* **Task statement**: Provide again, from the entries below, every line from the one containing "Longer length hoodie" through the one containing "以上就是word文檔打開出現", exactly as written, and no other line.

===== Task input

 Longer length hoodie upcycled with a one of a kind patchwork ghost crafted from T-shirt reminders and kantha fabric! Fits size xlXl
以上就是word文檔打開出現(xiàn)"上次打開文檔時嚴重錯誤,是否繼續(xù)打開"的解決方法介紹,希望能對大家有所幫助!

==========
===== Task input

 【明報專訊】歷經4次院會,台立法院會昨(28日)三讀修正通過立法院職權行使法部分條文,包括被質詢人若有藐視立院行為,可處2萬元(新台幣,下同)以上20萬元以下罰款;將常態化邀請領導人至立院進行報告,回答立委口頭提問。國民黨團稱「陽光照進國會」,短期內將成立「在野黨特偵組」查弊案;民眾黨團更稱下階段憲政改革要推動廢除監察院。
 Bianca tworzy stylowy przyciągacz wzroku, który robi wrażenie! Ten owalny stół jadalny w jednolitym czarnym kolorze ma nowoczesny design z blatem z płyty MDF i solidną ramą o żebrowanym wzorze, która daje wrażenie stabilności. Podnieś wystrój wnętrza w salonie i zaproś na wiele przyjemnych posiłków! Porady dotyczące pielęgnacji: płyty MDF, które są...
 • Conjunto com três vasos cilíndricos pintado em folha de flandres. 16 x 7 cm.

==========
===== Task input

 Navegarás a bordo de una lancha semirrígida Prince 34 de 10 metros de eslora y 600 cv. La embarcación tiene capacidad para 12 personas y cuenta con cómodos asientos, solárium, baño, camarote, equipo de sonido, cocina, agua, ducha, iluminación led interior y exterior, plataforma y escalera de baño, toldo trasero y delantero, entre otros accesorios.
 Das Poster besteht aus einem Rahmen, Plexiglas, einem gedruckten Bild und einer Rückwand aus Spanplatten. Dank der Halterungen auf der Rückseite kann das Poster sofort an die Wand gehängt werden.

==========

* **Answer area**:
 Longer length hoodie upcycled with a one of a kind patchwork ghost crafted from T-shirt reminders and kantha fabric! Fits size xlXl
以上就是word文檔打開出現(xiàn)"上次打開文檔時嚴重錯誤,是否繼續(xù)打開"的解決方法介紹,希望能對大家有所幫助!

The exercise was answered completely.